Records from a data source:
□ □ □ □ □
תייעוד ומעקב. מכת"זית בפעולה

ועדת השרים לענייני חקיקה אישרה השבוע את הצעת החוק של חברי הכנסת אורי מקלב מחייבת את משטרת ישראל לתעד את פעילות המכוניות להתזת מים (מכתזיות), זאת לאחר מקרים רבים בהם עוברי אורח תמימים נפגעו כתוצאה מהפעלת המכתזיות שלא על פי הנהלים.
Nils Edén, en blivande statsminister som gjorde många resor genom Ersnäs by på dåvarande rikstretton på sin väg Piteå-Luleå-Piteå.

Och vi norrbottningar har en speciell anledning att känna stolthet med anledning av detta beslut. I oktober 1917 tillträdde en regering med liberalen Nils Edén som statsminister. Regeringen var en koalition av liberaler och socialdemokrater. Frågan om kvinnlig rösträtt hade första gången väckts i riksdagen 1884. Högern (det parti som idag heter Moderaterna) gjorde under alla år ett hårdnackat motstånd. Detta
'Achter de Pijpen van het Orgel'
□ □ □ □ □
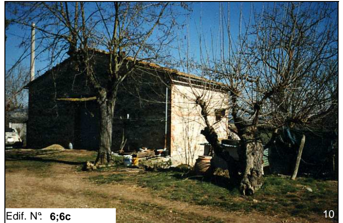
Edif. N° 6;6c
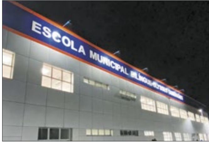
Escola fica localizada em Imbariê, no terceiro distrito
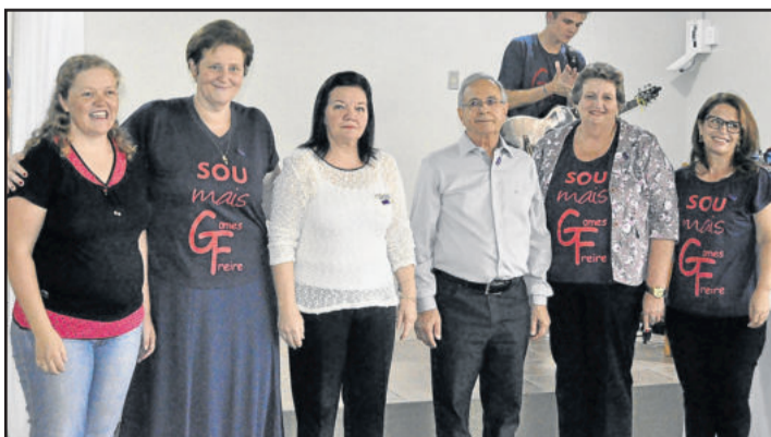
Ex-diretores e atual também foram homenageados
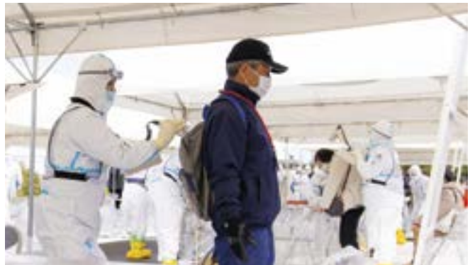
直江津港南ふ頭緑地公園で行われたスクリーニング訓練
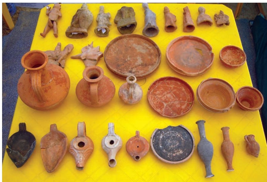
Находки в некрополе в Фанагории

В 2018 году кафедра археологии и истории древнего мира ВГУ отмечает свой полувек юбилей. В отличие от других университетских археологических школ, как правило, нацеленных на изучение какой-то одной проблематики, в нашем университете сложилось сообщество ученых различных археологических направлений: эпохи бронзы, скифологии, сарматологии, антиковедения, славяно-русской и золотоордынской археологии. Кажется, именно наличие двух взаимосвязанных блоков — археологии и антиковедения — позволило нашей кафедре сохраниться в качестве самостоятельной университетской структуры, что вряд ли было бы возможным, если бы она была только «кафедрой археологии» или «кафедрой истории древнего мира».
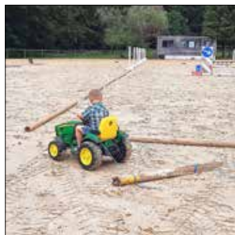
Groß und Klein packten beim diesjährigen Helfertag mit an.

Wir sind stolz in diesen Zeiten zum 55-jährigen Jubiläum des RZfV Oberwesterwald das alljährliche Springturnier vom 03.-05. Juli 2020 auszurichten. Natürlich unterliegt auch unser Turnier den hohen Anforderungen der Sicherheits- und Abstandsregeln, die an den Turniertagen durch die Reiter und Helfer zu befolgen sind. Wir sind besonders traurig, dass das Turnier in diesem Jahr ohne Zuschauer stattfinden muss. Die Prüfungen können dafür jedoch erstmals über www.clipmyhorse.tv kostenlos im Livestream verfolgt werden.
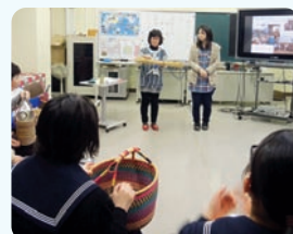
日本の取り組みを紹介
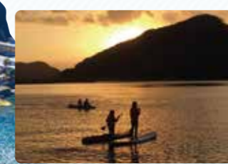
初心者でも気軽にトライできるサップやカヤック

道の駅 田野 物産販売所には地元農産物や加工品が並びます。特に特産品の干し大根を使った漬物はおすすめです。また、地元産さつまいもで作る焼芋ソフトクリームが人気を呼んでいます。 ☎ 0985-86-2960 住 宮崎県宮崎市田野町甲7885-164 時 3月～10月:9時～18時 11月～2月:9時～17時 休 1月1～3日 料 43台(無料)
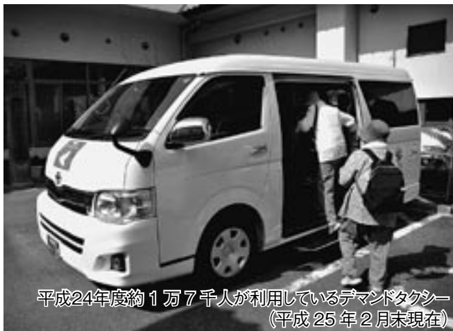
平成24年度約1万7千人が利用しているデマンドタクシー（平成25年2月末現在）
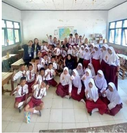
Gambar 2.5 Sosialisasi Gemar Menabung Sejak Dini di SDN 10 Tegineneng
□ □ □ □ □
- Work item -
In the entries above, find the line holding "Groß und Klein" and the line holding "Wir sind stolz", then retype exactly those two lines and every line between them, and nothing else.

- Output for this exercise -
Groß und Klein packten beim diesjährigen Helfertag mit an.

Wir sind stolz in diesen Zeiten zum 55-jährigen Jubiläum des RZfV Oberwesterwald das alljährliche Springturnier vom 03.-05. Juli 2020 auszurichten. Natürlich unterliegt auch unser Turnier den hohen Anforderungen der Sicherheits- und Abstandsregeln, die an den Turniertagen durch die Reiter und Helfer zu befolgen sind. Wir sind besonders traurig, dass das Turnier in diesem Jahr ohne Zuschauer stattfinden muss. Die Prüfungen können dafür jedoch erstmals über www.clipmyhorse.tv kostenlos im Livestream verfolgt werden.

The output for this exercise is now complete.